Petitioner asserted that there was never a shared intent between the parties to abandon Israel as the Minor Children’s habitual residence. Petitioner’s argument was unconvincing. The sum total of his actions, considered along with the acclimatization of the Minor Children, led the Court to conclude that as of August 22, 2019. the Minor Children’s habitual residence was New Jersey. When a move includes “a degree of settled purpose” courts have found that a child’s habitual residence has changed. This “settled purpose” may be for a limited period of time and does not require an intention to stay in the new location indefinitely.

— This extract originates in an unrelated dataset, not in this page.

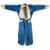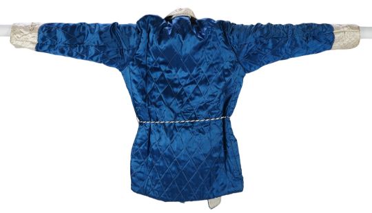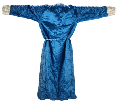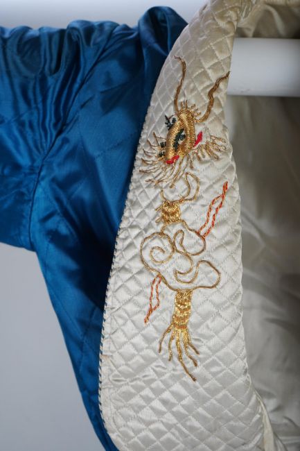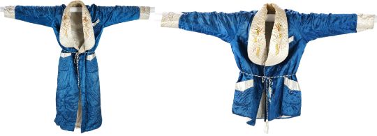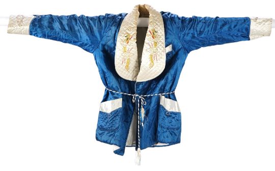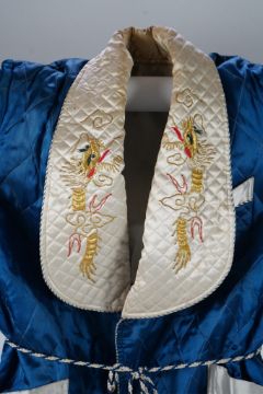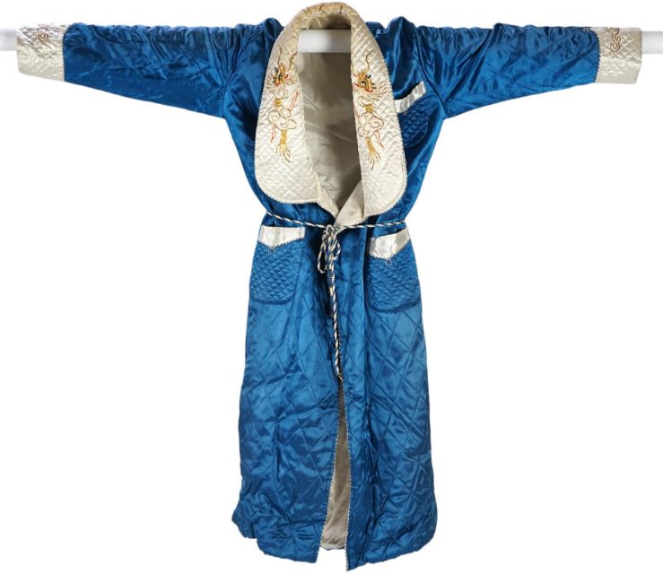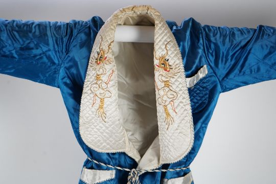 A mid 20th century Royal blue satin gentleman’s smoking jacket and matching dressing gown with Chinese gold dragon embroidery to both the quilted collars and cuffs, measurement from top back of collar to bottom of dressing gown 56 inches.Condition - both the collars at the back of both garments are badly stained and need washing or re-covering and one cord tie belt needs replacing.Shoulder seam to shoulder seam 46cm approx.. Armpit to armpit 53cm approx.Some typical signs of wear consistent with use, discolouration and yellowing to the lighter fabric especially around the collar. Some stitching has become unpicked in places.

Feder, 63 F.3d at 223-24. Here, while the Court agreed that the Minor Children’s presence in New Jersey was initially intended, at least by Petitioner, to be for a limited period of time, their continued presence in the state, coupled with numerous actions taken by the parties, including Petitioner, constituted a sufficient degree of settled purpose to change their habitual residence. After conducting a fact-intensive analysis, the Court found that there was shared parental intent to remain in New Jersey, for at least a period of time. There was, therefore, shared parental intent to abandon Israel as the Minor Children’s habitual residence and establish New Jersey as their new habitual residence.

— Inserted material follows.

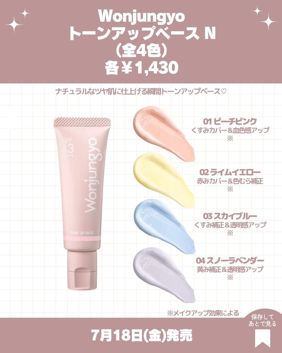 ꫛꫀꪝ!Wonjungyoから新作が登場🥹🤍୨୧୨୧WonjungyoウォンジョンヨトーンアップベースN01ピーチピンク02ライムイエロー03スカイブルー04スノーラベンダー¥1,430ウォンジョンヨアーティストタッチブラシ#01¥1,100...

The Court balanced the “shared parental intent” with the “acclimatization of the child,” in reaching its determination. See Whiting, 391 F.3d at 546. Finally, because R.S. was three years old, the Court considered both the “very young child” standard articulated in Karkkainen, and the acclimatization factors it considered for D.S. As with M.S., there was a shared parental intent for R.S. to remain in New Jersey for at least a limited period of time. Turning to the acclimatization factors, considering R.S.’s young age and her rapid acclimation to an educational environment where she was able to speak the language, the Court found R.S. had developed a set routine and acquired a sense of environmental normalcy. Due to these factors, the Court found R.S.’s habitual residence on August 22, 2019 was New Jersey. The Court weighed both the evidence of shared parental intent and the acclimatization of the Minor Children, and found the Minor Children were habitually resident in New Jersey on August 22, 2019. Because the Court found the Minor Children were habitually resident in New Jersey on the date of the alleged retention, the Court found Petitioner’s custody rights were not breached and, therefore, the retention was not wrongful under the Hague Convention. The Court held the Minor Children were not wrongfully retained by Respondent in New Jersey. Because M.S. was not wrongfully removed and because the Minor Children were not wrongfully retained, the Court, denied the Petition.